[PATCH 0/1] mac80211: removal of warning in RX path
Erik Stromdahl
erik.stromdahl at gmail.com
Sun Jun 4 06:11:54 PDT 2017
This patch is related to ath10k (usb and sdio patches) so I CC Kalle
and the ath10k mailing list as well.
The *WARN_ON_ONCE(softirq_count() == 0);* call in ieee80211_rx_napi is
causing a warning every time ath10k passes its first frame to mac80211
when running usb and sdio based devices.
It seems as if the softirq_count is simply not updated when the underlying
driver is usb or sdio based.
What is the purpose of this warning?
An odd thing is that the WARN_ macro behaves differently in Linux 4.12
when compared to previous versions (4.11 and older).

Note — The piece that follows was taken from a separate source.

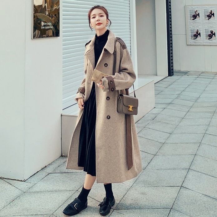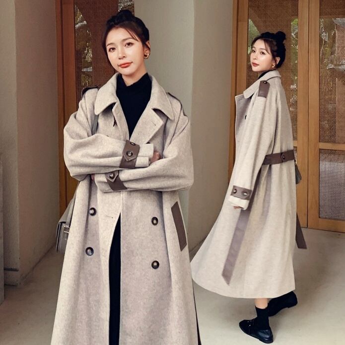 ブラウンとのバイカラー配色がおしゃれ可愛いコート

Below is an extract of the disassembly of ieee80211_rx_napi from Linux 4.12-rc2
The instructions prefixed with arrows (->) are extra important.
Dump of assembler code for function ieee80211_rx_napi:
0xffffffffa002af00 <+0>: nopl 0x0(%rax,%rax,1)

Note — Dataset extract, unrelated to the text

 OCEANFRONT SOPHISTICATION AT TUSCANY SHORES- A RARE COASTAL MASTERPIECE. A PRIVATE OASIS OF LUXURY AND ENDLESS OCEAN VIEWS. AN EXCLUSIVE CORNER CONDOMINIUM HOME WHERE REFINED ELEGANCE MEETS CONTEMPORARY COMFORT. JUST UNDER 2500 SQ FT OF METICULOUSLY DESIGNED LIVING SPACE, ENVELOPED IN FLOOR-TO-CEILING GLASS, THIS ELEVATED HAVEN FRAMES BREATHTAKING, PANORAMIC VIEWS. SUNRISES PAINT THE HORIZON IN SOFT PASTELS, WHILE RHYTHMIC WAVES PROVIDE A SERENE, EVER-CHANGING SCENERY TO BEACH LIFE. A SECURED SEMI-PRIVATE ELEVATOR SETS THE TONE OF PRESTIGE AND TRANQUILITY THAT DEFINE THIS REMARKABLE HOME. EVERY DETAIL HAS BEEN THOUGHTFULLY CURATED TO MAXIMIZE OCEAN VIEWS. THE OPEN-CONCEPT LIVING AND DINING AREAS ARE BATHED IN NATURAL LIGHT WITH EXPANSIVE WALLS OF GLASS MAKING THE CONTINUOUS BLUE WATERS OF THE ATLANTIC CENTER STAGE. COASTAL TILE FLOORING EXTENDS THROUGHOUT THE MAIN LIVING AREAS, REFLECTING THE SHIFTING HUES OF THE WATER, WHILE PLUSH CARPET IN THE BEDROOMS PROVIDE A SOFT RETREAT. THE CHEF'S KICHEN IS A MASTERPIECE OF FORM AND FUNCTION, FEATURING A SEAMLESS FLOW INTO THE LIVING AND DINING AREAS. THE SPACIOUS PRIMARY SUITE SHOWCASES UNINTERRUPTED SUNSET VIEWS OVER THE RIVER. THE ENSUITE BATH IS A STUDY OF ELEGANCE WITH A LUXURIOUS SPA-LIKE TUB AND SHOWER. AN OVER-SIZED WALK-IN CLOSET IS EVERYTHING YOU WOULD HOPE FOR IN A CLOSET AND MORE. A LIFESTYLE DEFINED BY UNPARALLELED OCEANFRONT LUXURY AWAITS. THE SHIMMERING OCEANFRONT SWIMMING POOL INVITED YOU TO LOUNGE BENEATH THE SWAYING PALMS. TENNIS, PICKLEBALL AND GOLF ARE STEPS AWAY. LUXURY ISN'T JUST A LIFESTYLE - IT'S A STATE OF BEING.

0xffffffffa002af05 <+5>: push %rbp
0xffffffffa002af06 <+6>: mov %rsp,%rbp
0xffffffffa002af09 <+9>: push %r15
0xffffffffa002af0b <+11>: push %r14
0xffffffffa002af0d <+13>: push %r13
0xffffffffa002af0f <+15>: push %r12
0xffffffffa002af11 <+17>: push %rbx
0xffffffffa002af12 <+18>: mov %rdx,%rbx
0xffffffffa002af15 <+21>: sub $0xa8,%rsp
0xffffffffa002af1c <+28>: mov %rsi,-0xb8(%rbp)
0xffffffffa002af23 <+35>: mov %rcx,-0xa0(%rbp)

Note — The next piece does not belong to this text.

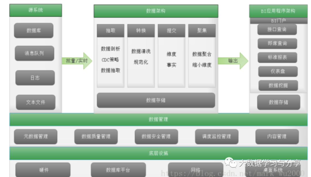 数据仓库的核心功能从源系统抽取数据,通过清洗、转换、标准化,将数据加载到BI平台,进而满足业务用户的数据分析和决策支持。数据仓库架构包含三个部分:数据架构、应用程序架构、底层设施。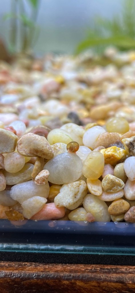 A week later I noticed a tiny snail the size of a pinhead crawling up the side of the tank. Enter: Hermes.

0xffffffffa002af2a <+42>: mov %gs:0x28,%rax
0xffffffffa002af33 <+51>: mov %rax,-0x30(%rbp)
0xffffffffa002af37 <+55>: xor %eax,%eax
0xffffffffa002af39 <+57>: movzbl 0x4b(%rdx),%eax
0xffffffffa002af3d <+61>: cmp $0x2,%al
0xffffffffa002af3f <+63>: ja 0xffffffffa002b485 <ieee80211_rx_napi+1413>
0xffffffffa002af45 <+69>: mov 0x38(%rdi),%rdx
0xffffffffa002af49 <+73>: mov %rdi,%r15
0xffffffffa002af4c <+76>: mov 0xf8(%rdx,%rax,8),%rdx
0xffffffffa002af54 <+84>: test %rdx,%rdx
-> 0xffffffffa002af57 <+87>: je 0xffffffffa002b48c <ieee80211_rx_napi+1420> <-- We take the jump here
0xffffffffa002af5d <+93>: mov 0x490(%rdi),%eax
0xffffffffa002af63 <+99>: and $0xff00ff00,%eax
0xffffffffa002af68 <+104>: mov %eax,-0xac(%rbp)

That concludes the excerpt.